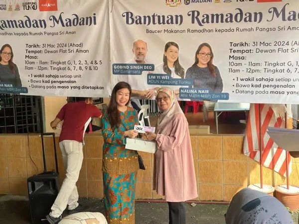 (八打灵再也31日讯)甘榜东姑区州议员林怡威携手八打灵再也市议员派发各100令吉购物券给斯里阿曼组屋的340名居民,以减轻居民的生活负担。
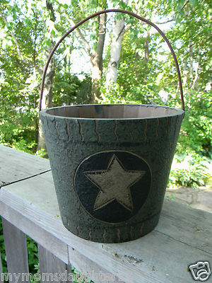 Primitive Farmhouse Painted Wood/Wooden STAR Bucket~Pale~Planter Rusty Handle
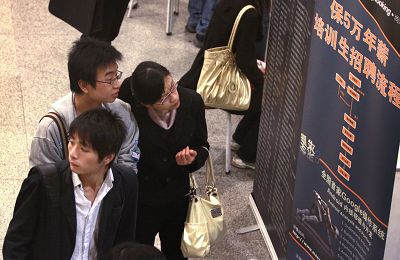 圖片說明:畢業(yè)生密切關(guān)注著就業(yè)信息

# Task
When you return the listing, keep each line exact and leave the pictures out.

# Written response
 (八打灵再也31日讯)甘榜东姑区州议员林怡威携手八打灵再也市议员派发各100令吉购物券给斯里阿曼组屋的340名居民,以减轻居民的生活负担。
 Primitive Farmhouse Painted Wood/Wooden STAR Bucket~Pale~Planter Rusty Handle
 圖片說明:畢業(yè)生密切關(guān)注著就業(yè)信息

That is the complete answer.